English actress (1892–1977)

Phyllis Neilson-Terry (15 October 1892 – 25 September 1977) was an English actress. She was a member of the third generation of the theatrical dynasty the Terry family. After early successes in the classics, including several leading Shakespearean roles, she spent more than four years in the US, in generally lightweight presentations.

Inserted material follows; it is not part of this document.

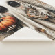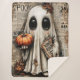 A wide-eyed ghost clutches a tiny pumpkin and a spellbound book titled “Witch Recipe,” floating against a backdrop of vintage newspaper clippings and Halloween headlines. Words like “SPOOK” and “HAUNT” echo through the aged collage, while cobwebs and faded textures weave a whimsical spell. It’s a quiet moment of ghostly curiosity—where magic, mischief, and autumn lore meet.
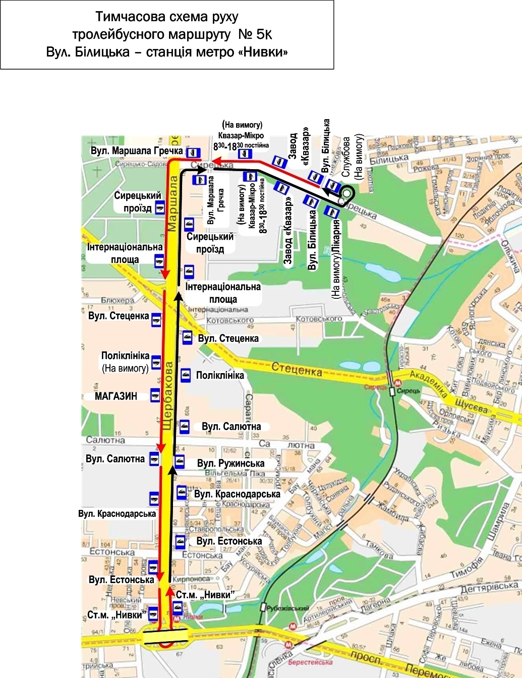 – тролейбуси маршруту № 5к від вул. Білицька до ст.м. «Нивки»

Returning to England in 1919 she pursued a varied career, including cabaret, pantomime and variety as well as returning to Shakespeare and other classics. One of her last major roles was in Terence Rattigan's Separate Tables (1954) in which she played in the West End and on Broadway.

==Biography==

===Early years===
Neilson-Terry was born in London, the daughter of the actress Julia Neilson and her husband, the actor Fred Terry. The couple's other child was Phyllis's younger brother, Dennis, who also went on the stage. She was educated first at Westgate-on-Sea, and then in Paris, and after that at the Royal Academy of Music in London, where she studied to be a singer.

In 1909, Neilson-Terry made her first stage appearance, in her parents' stage company on tour in Blackpool; she played Marie de Belleforêt in Henry of Navarre, under the stage name Phillida Terson. The attempt to disguise her membership of the Terry dynasty was unsuccessful and the following year she abandoned it and reverted to her own name.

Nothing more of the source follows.